You might think that Mr. Lane would have insisted that Crider tell authorities where Crystal’s body is, so the poor girl could have a decent Christian burial after all these years of being stuffed in a hole somewhere. Mr. Lane didn’t.

So, to sum up: Crystal’s body is still out there somewhere; Ben Crider is free as a bird, somewhere in Kentucky; and David Autry owes the the State of Oklahoma 500 bucks.

It’s a funny old system of justice, ain’t it?

David Autry, by the way, is an absolutely brilliant defense attorney. If I was accused of murder, he’s the guy I would want sitting at the table with me at trial. Ben Crider was guilty as hell, but David Autry, eventually, got him off the hook.

Crystal Dittmeyer was unavailable for comment.

THANK YOU, BUT NO

Sunday, November 4th, 2007

Add me to the list of people who have no intention of obeying Oklahoma’s new draconian, racist immigration law.
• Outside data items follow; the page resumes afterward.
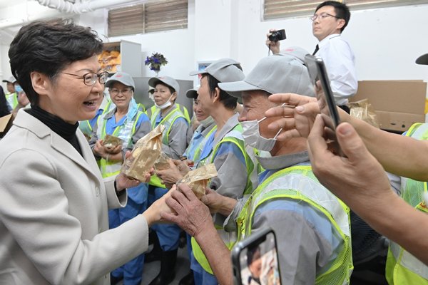 林鄭月娥與約50名清潔工人見面和交談,了解他們的工作情況,並向他們送上曲奇餅,感謝他們連月來在暴力衝突頻繁的旺角通宵達旦清理路障和雜物,以趕及早上大量市民出行前完成基本清理工作。
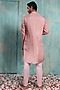 Featuring an onion pink kurta in silk base with embroidery. It is paired with contrasting pink malai cotton pants.
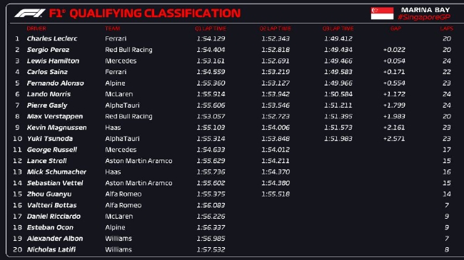 24直播网讯 2022年F1新加坡大奖赛排位赛在滨海湾赛道结束。Q3竞争非常激烈,最快圈速多次被刷新!最终,法拉利车队勒克莱尔继2019年后,再次拿到新加坡大奖赛的杆位!红牛车队佩雷兹第二,梅赛德斯车队汉密尔顿第三!维斯塔潘第八,中国车手周冠宇第15。
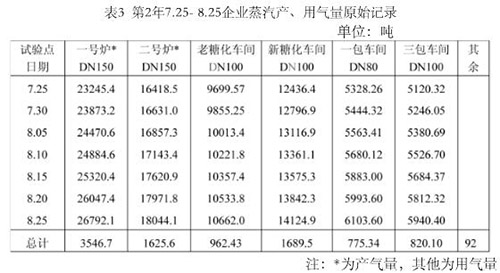 (1)綜上數(shù)據(jù),圖表可看出煙氣流量計測量飽和蒸汽,流量數(shù)據(jù)顯示清晰,穩(wěn)定可靠,其產(chǎn)、用氣量隨著流量計的完善,其差值變小了,也即使用部門越多,其消耗越少。
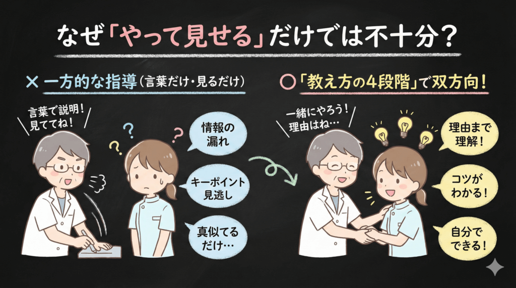 新人指導でよくあるパターンは、「言葉で説明する」か「やって見せる」のどちらか、あるいは両方です。これ、指導者側としては「教えた」という実感が持てますよね。

What, you think I’m going to start asking people for their papers? Like this was North Korea, or China, or Cuba?

Thank you, but no.

I may actually go out and FIND illegal immigrants, and give them a ride wherever they want to go, or let them stay at the house for a few months, just to stick it to the man.

Further, I’m going to write my state representative and urge him to introduce a bill, making it legal for any American citizen of Hispanic heritage, if asked for proof of citizenship, to kick the person who asks square in the nuts.

I’m going to call it the “Citizenship Verification Act of 2007″.